Eventually, I had to come to terms with that and realize that I had a new normal.
I get a lot of good information from the Arthritis Foundation. Unfortunately, I didn’t know about them when I was first diagnosed. It would have been great if I’d been able to get involved back then.
Finding a good rheumatologist is really important. I talk with my rheumatologist if something starts bothering me and if I wonder whether it’s psoriatic arthritis or something else, I can ask him. You have to have a doctor that you can actually talk to, who will listen and answer.
And when my doctor says, “You have this,” I go online and research as much as I can about what it is and what the treatments are.
It gives you a chance to see that it’s not only you — that lots of other people have these conditions.
I wish I’d had that in the beginning.
Most people don’t even know what psoriasis or psoriatic arthritis is. People don’t understand, and it’s hard when you mention that you have these conditions, and they respond, “What is that? Oh, you’re too young for arthritis!”
So, it’s really helpful when you can connect with other people who are going through the same thing. It’s comforting to get that kind of support. The emotional validation is very important.
It’s also helpful to hear other people’s strategies about what they’ve done that helps them.
At our last meeting, I did a presentation on managing pain. I shared a lot of strategies, things that I’ve learned in my professional life and also personally. It’s a good chance to learn more about your condition as well.
Be an advocate for yourself.
First of all, you need to have a good rheumatologist. And if your insurance plan isn’t giving you that, fight for it. It’s not enough to have a primary care physician.
You need a rheumatologist who’s really good clinically and also willing to listen. So, get recommendations. Check out different doctors. If you don’t like one, find another one until you have found one who is both clinically skilled and willing to listen. You really need to be able to speak up, ask questions, and, when you don’t like the answer, advocate for something better.
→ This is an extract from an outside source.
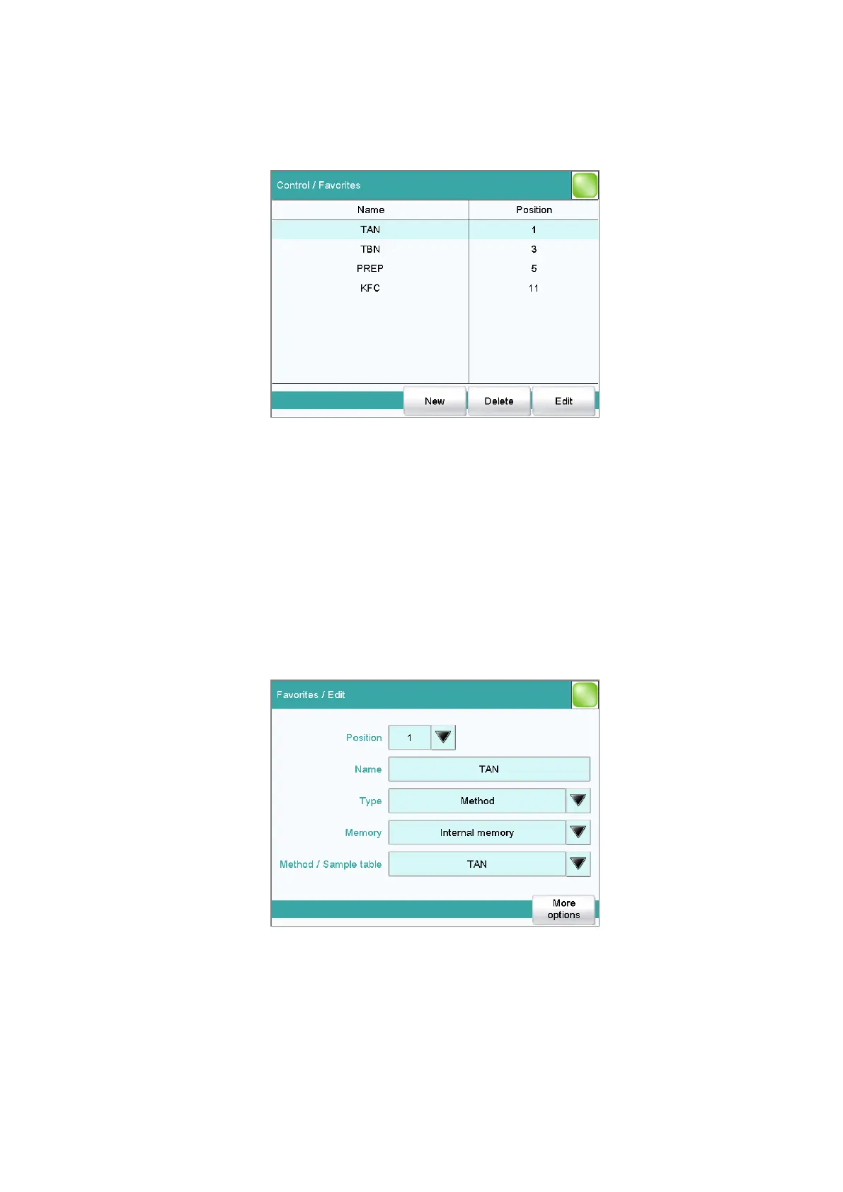 Add a new favorite to the list, see following chapter.

Really advocate for treatments. Depending on the type of insurance that you have, you might have to go through one type of medication after another, and it can be a big fight — but keep fighting to get the correct medication.
Research as much as you can. Go online and find out everything you can about these conditions. It makes you more powerful. You’re able to discuss things better with the doctor. You’re able to discuss things better with people who have comments about your condition.
And if doing this all means fighting with your insurance company? If it means finding a different doctor? You’ve got to do it. It’s your body, and it’s not going to get better unless you’re able to take care of it.
When you have these conditions, it is going to change your life. You’re going to have new limitations, and you’re going to have to look for the new you, basically. I think it’s important to be willing to reinvent yourself.
Can’t play tennis? Take up something else you can do. Whatever it is, find other things that will work for you.
I was an avid tennis player, and once the arthritis kicked in, I had to stop doing that — so I took up golf. And then my spine started giving me problems, and my doctor said, “Nope, it’s too hard on your back, can’t do golf.” So, then when I couldn’t do tennis, and I couldn’t do golf, I went back to playing percussion. I played percussion in high school, and now I’m a semiprofessional musician. I play percussion and sing in multiple bands and vocal groups.
Keep looking for new ways to cope and enjoy your life.
Penny Greenblatt is a 72-year-old patient advocate who has been living with psoriasis and psoriatic arthritis for most of her adult life. As an advocate and volunteer with the Arthritis Foundation, she’s passionate about sharing her experiences with managing these conditions. She serves as a facilitator of a Live Yes! Connect Group, an Arthritis Foundation support group for people with arthritis and their caregivers.